→ **Problem statement**
The answer is the data below, repeated exactly, with no pictures included.

(Beginning of Stored data)

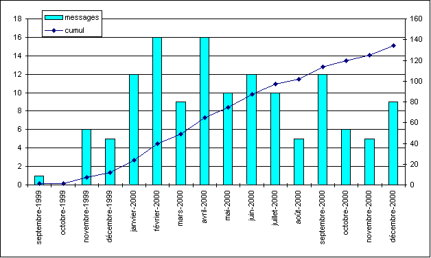 Commentaires : une moyenne d'une douzaine de messages par mois est diffusée depuis janvier 2000 (rappel : la liste est pour l'instant dédiée à l'information descendante).
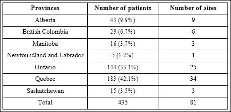 A total of 435 patients (60% male) who were 74.4±10.9 years old were recruited by 81 physicians from all provinces from February to October 2014 (Table 1). The average duration of AF was 5.6±5.0 years with permanent AF being most common (38%) followed by persistent AF (31%) and paroxysmal AF (29%); in 2% the AF had not been classified. Prior history of stroke was present in 11%, TIA in 10%, and non neurologic systemic embolism in 2%. Prior rhythm management included cardio version in 9%, ablation in 5%, and 73% were on anti arrhythmic medication. The most common co morbidities were hypertension (72%), smoking (39%), coronary artery disease (34%), diabetes mellitus (30%), congestive heart failure (20%) and peripheral arterial disease (9%). Prior history of major bleeding was documented in 5% of patients, liver disease in 2%, stage 3 chronic renal disease (eGFR 30-59ml/min) in 38%, stage 4 chronic renal disease (eGFR <30 ml/min) in 5%, and heavy alcohol consumption (>10 drinks/week) in 2.5%. Review of current medications revealed 59% use of beta blockers, 55% use of lipid lowering therapy, 32% use of an angiotensin converting enzyme inhibitor, 23% use of an angiotensin receptor blocker, 29% use of a diuretic, 15% use of a calcium channel blocker, 5% use of amiodarone, and 5% use of sotalol.
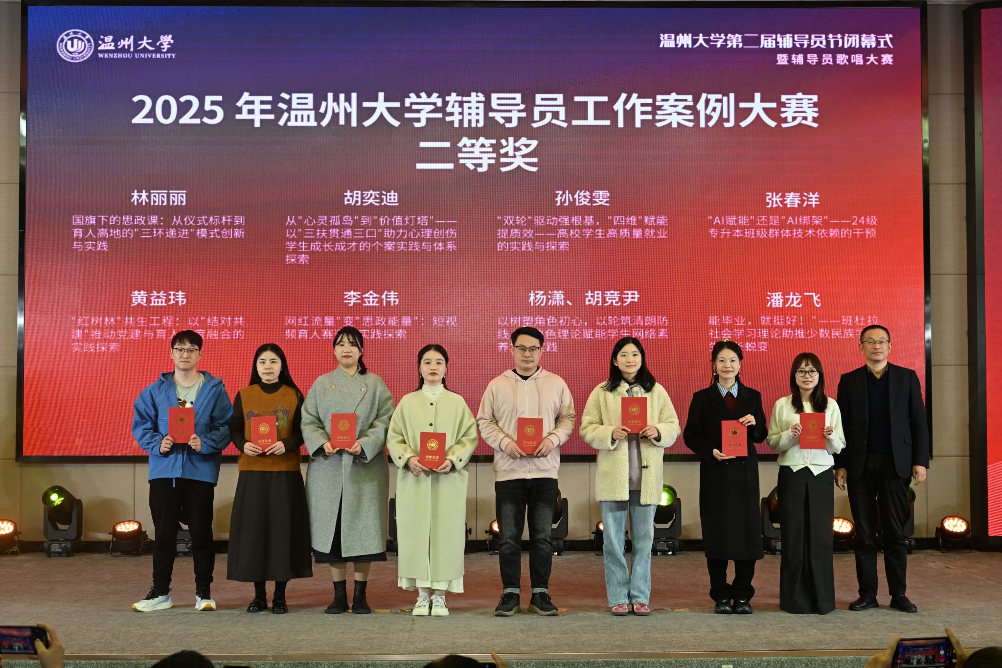 随后的辅导员歌唱大赛中,来自19个学院的辅导员代表相继登台献艺。比赛现场歌声飞扬、精彩纷呈,合唱、情景演唱、歌伴舞等多元形式充分展现了辅导员队伍的多才多艺与青春风采,生动诠释了育人路上的真挚情怀与执着坚守。本次大赛由招商银行温州分行提供赞助支持。经专业评委现场评审,体育与健康学院凭借出色表现斩获金奖,法学院与继续教育学院荣获银奖,生命与环境科学学院获得铜奖。

(End of Stored data)

→ **Exercise response**
 Commentaires : une moyenne d'une douzaine de messages par mois est diffusée depuis janvier 2000 (rappel : la liste est pour l'instant dédiée à l'information descendante).
 A total of 435 patients (60% male) who were 74.4±10.9 years old were recruited by 81 physicians from all provinces from February to October 2014 (Table 1). The average duration of AF was 5.6±5.0 years with permanent AF being most common (38%) followed by persistent AF (31%) and paroxysmal AF (29%); in 2% the AF had not been classified. Prior history of stroke was present in 11%, TIA in 10%, and non neurologic systemic embolism in 2%. Prior rhythm management included cardio version in 9%, ablation in 5%, and 73% were on anti arrhythmic medication. The most common co morbidities were hypertension (72%), smoking (39%), coronary artery disease (34%), diabetes mellitus (30%), congestive heart failure (20%) and peripheral arterial disease (9%). Prior history of major bleeding was documented in 5% of patients, liver disease in 2%, stage 3 chronic renal disease (eGFR 30-59ml/min) in 38%, stage 4 chronic renal disease (eGFR <30 ml/min) in 5%, and heavy alcohol consumption (>10 drinks/week) in 2.5%. Review of current medications revealed 59% use of beta blockers, 55% use of lipid lowering therapy, 32% use of an angiotensin converting enzyme inhibitor, 23% use of an angiotensin receptor blocker, 29% use of a diuretic, 15% use of a calcium channel blocker, 5% use of amiodarone, and 5% use of sotalol.
 随后的辅导员歌唱大赛中,来自19个学院的辅导员代表相继登台献艺。比赛现场歌声飞扬、精彩纷呈,合唱、情景演唱、歌伴舞等多元形式充分展现了辅导员队伍的多才多艺与青春风采,生动诠释了育人路上的真挚情怀与执着坚守。本次大赛由招商银行温州分行提供赞助支持。经专业评委现场评审,体育与健康学院凭借出色表现斩获金奖,法学院与继续教育学院荣获银奖,生命与环境科学学院获得铜奖。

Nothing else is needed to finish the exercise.